I had abandoned my ideas to use a Fluval Edge as a planted tank for White Clouds Mountain Minnows, bought a 10 gallon, and decided to use that instead.

I had intended to sell the fluval, but i thought, i have it why not keep it and make some use out of it. red cherry shrimp sounded rather tempting.

could anyone give me tips on how to setup a low tech, low cost tank for these little guys?


----------



## FDNY911 (Dec 6, 2009)

Funny you mentioned the Fluval Edge. I just took the top off of mine and it looks like an ADA tank lol. Now it isn't so hard to scape. I think it looks so much better. 5 Razors and 15 minutes. 

As far as low cost. One bag of Fluval Shrimp Stratum should be good. Some driftwood or stone and lots of moss. Mid 70s is good for them. I am going to be using 2 Hampton Bay desk lamps for them till I get around to making a 3-5 LED fixture. The Hamptons are sold at Home Depot for like 20 each I think.


----------



## Optix (May 31, 2011)

moss wall carpet + j. fern or anubius + rocks = 0 maintenance tank


----------



## Geniusdudekiran (Dec 6, 2010)

FDNY911 said:


> Funny you mentioned the Fluval Edge. I just took the top off of mine and it looks like an ADA tank lol. Now it isn't so hard to scape. I think it looks so much better. 5 Razors and 15 minutes.


Post a pic! Post a pic! Pleeeeeez


----------



## FDNY911 (Dec 6, 2009)

This is it now, so far. 










If you're really bored with the Edge, its really easy to take the top off. Plus the tank was built to be rimless, the edges are all beveled and extremely smooth. Glue comes right off with a razor. No chemicals either!


----------



## Geniusdudekiran (Dec 6, 2010)

Dude! That is BOSS!!!


----------



## FDNY911 (Dec 6, 2009)

No, whats boss is that you can find fluval edges for super cheap! 60 bucks sometimes, no shipping needed, boom, cheap rimless with quality.

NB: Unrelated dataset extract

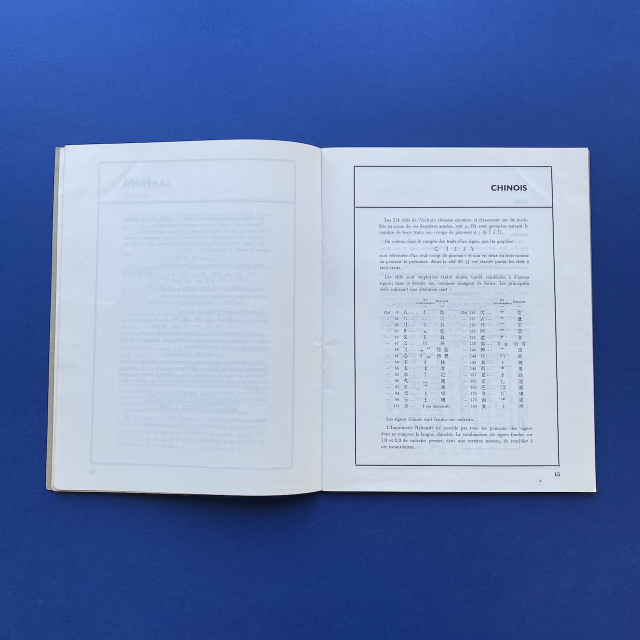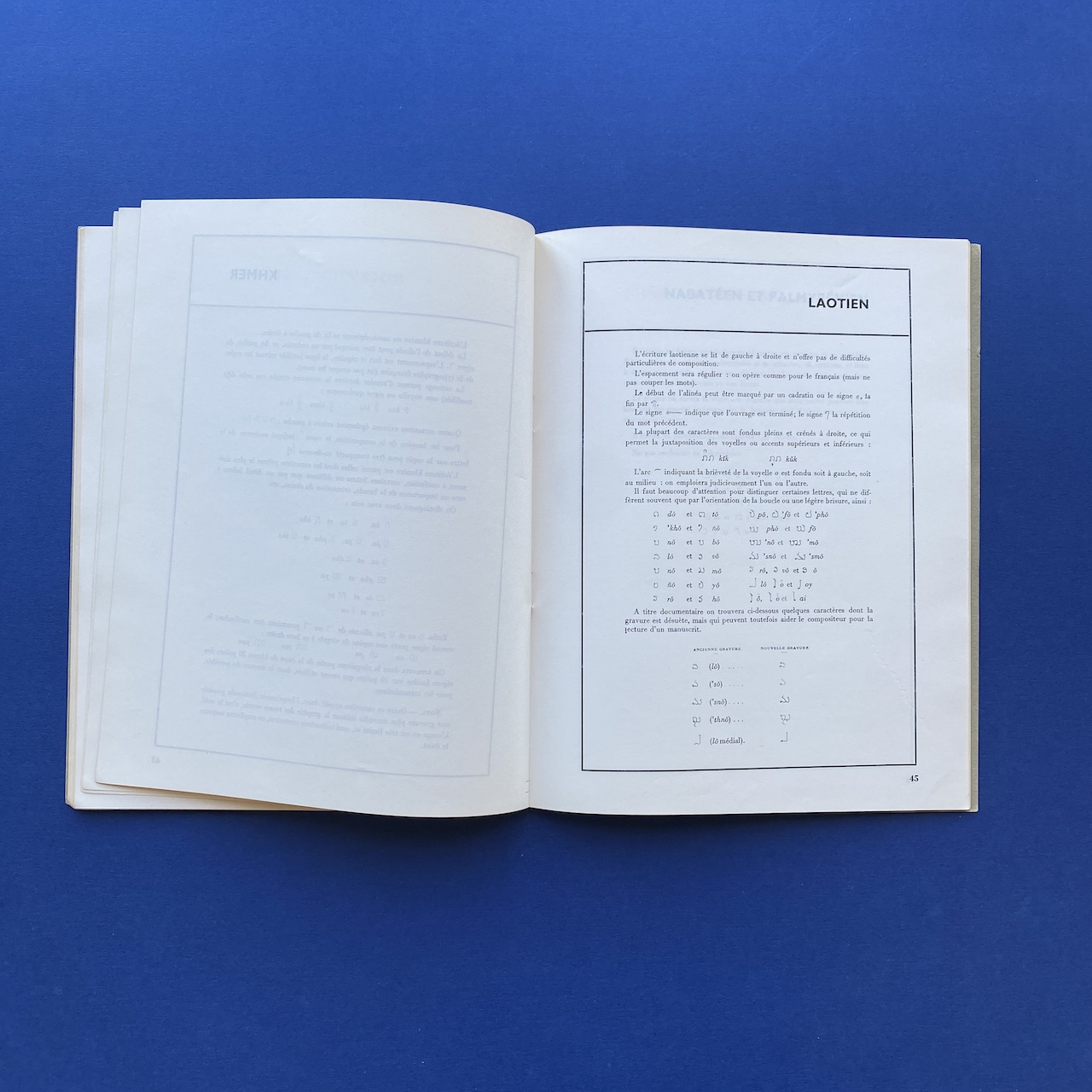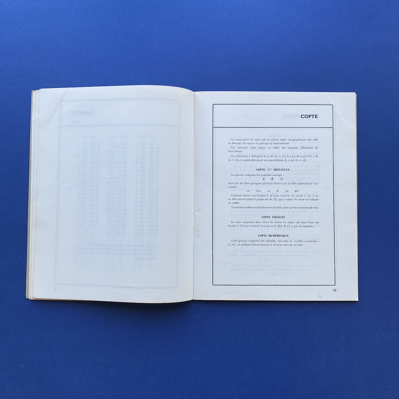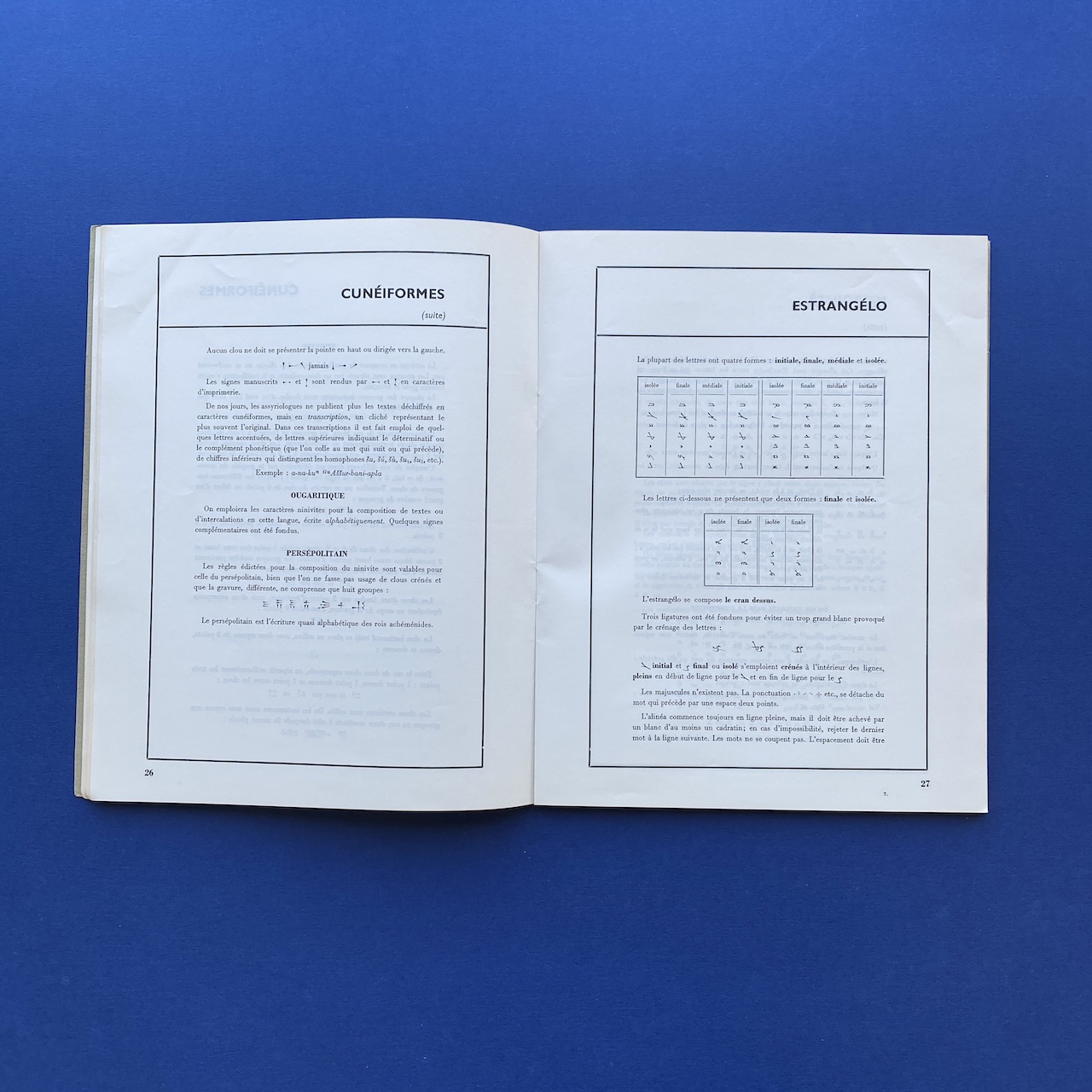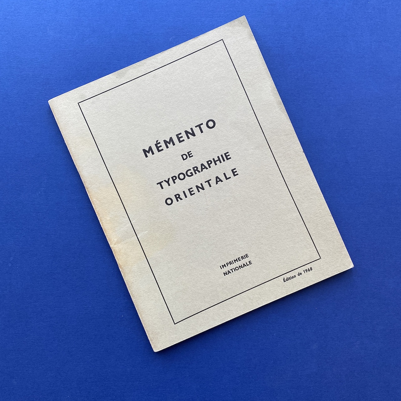 Mémento de typographie orientale, Imprimerie Nationale, 1968, 26,5 x 21 cm, Paris, 69 pp. Including: Annamite, Araméen, Berbère, Bulgare, Copte, Cunéiforme, Estrangelo, Ethiopien, Hiéroglyphes, etc. Copy in good general condition.

Sorry for the thread jack OP.


----------



## raven_wilde (Jul 12, 2006)

I just set up an Edge that I'm going to use for shrimp- if you get the Fluval Shrimp Stratum get the bigger bag, you end up needing all of it if you want enough substrate to do something cool.


----------



## Piphobbit (Dec 2, 2010)

Wow, the fluval looks amazing topless! Very tempting to do with my own...! Would it be possible to glue the top back on in the future, you think?

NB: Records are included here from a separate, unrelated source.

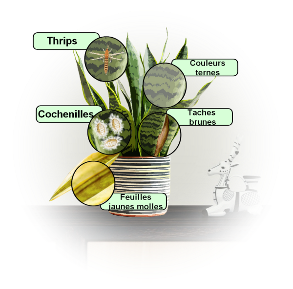 La sensevière, sansevieria ou langue de belle mère peut être atteintes par quelques parasites et de maladies, qui peuvent affaiblir ou même tuer la plantes, il est donc primordial de les identifier rapidement et de prendre les mesures adéquates pour les traiter avec des produits bio.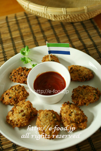 白い豆に黒のポイントの入ったパンダ豆(白黒豆)をつぶして揚げたビンチアカラも、西アフリカ諸国でポピュラーな料理。作り方は、中東の「ファラフェル」の西アフリカ版といってもよいでしょう。ビールのおつまみにも合うと思いますよ。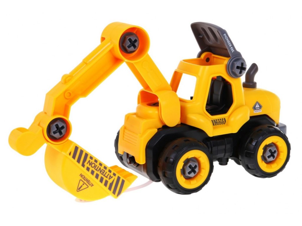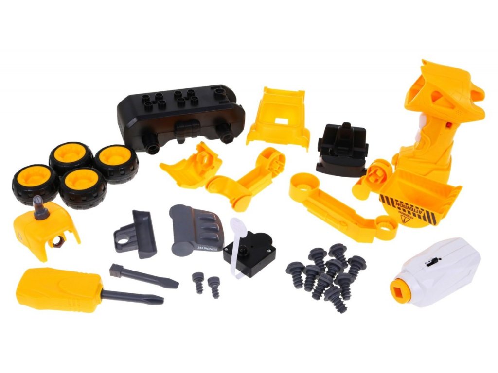 Творчески конструктор, състоящ се от 28 части. Сглобете багера с помощта на батерийна бормашина или ръчна отвертка – включени в комплекта. След като поставите елемента от бормашината в багера, той може да се движи.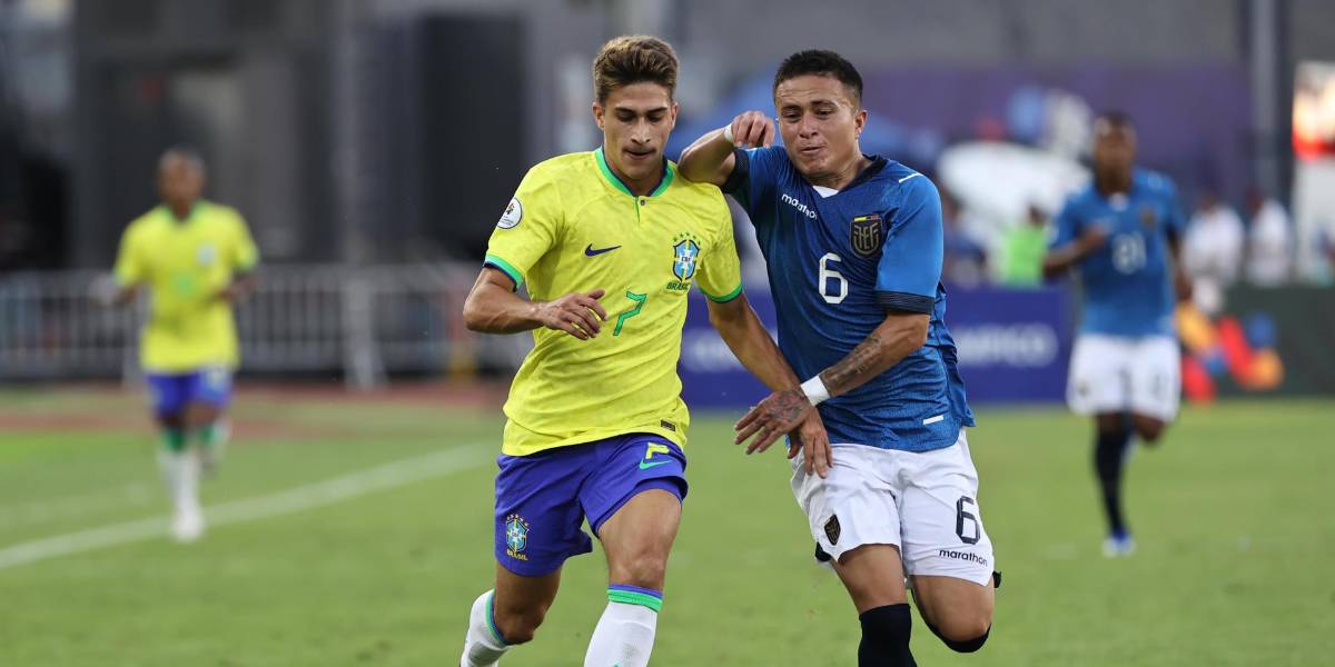 Gabriel Pirani de Brasil disputa el balón con Layan Loor de Ecuador en un partido del Torneo Preolímpico Sudamericano Sub-23 ( )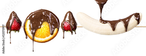 strawberries, orange and banana with chocolate

As for Blackheart's original question, I'm facing the same sort of problem myself. Originally I had some java moss on driftwood with hornwort and some ludwigia, but now it's a totally overgrown monster! Any good short plants that won't grow crazy? I have decently high light.


----------



## Zac (Dec 16, 2010)

Awesome stuff Hector. May do that with mine now, lol.


----------